I am not here to find more and more refined counterexamples.
Perhaps there is a misunderstanding: The counterexample was to show that your "proof" is deficient, not to show that your method is wrong. Actually I dont know whether it works, and I dont even have a hint, because there are no pictures provided. So if you can not prove it, why not convince us with some graphs of your approximation functions that show them converging?

PS: And please dont quote everything, but only the part you are replying to. There are

Code:

[quote]

and

Code:

[/quote]

that enclose each quote.

[tommy1729]

Actually I dont know whether it works, and I dont even have a hint, because there are no pictures provided. So if you can not prove it, why not convince us with some graphs of your approximation functions that show them converging?

1) i dont have math software and cannot make those graphs.

2) you probably do have the software to make those plots and since you get the idea, you could make those plots yourself.
that way your also certain that the data is not manipulated or carefully selected.

3) the truth of math does not depend upon someones capability of making graphs. call me oldfashion.

4) i admit more research is neccessary and also proofs of uniqueness and existance.

however i believe most here assume analytic tetration exists and is unique ?

5) i believe a lot is clarified if we can prove f_n(x) does not intersect with f_m(x) for any integer n and m and x > 1.
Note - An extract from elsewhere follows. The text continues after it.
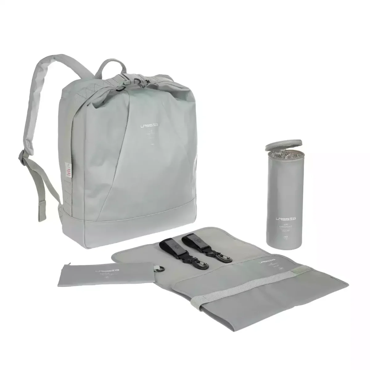 Der Wickelrucksack mit gepolsterten Schultergurten verfügt über ein geräumiges Hauptfach sowie zwei weitere Staufächer außen. Das Reißverschlussfach am Rücken ermöglicht einen schnellen und sicheren Zugriff auf Schlüssel und Co. Praktisches Zubehör gehört zur Grundausstattung. Dazu zählen eine wasserabweisende Wickelunterlage, ein isolierter Flaschenhalter, eine herausnehmbare Gläschenhalterung und eine Kinderwagenbefestigung. Auch ohne Wickelzubehör bleibt der Rucksack ein toller Begleiter.

a graph might show if it does or not.

6) yes , im stubborn , dont use capitals at the beginning of a senteance and i make spelling mistakes

regards

tommy1729

[bo198214]

1) i dont have math software and cannot make those graphs.

Sage is a free enormous powerful math software.

2) you probably do have the software to make those plots and since you get the idea, you could make those plots yourself.

Yes but its some effort, no math software has implemented half iterates via regular iteration.

that way your also certain that the data is not manipulated or carefully selected.

I think this is more an issue in other sciences not in mathematics.

3) the truth of math does not depend upon someones capability of making graphs. call me oldfashion.

The truth of math depends on nothing. However if you want to show that truth to someone, then you have to convince him. Usually this is done by giving a proof. If that can not be done, then other ways should be sought.

however i believe most here assume analytic tetration exists and is unique ?

Existence was shown by Kneser. Uniqueness is a mostly unresearched yet. Sure is that it is not unique by analyticity alone.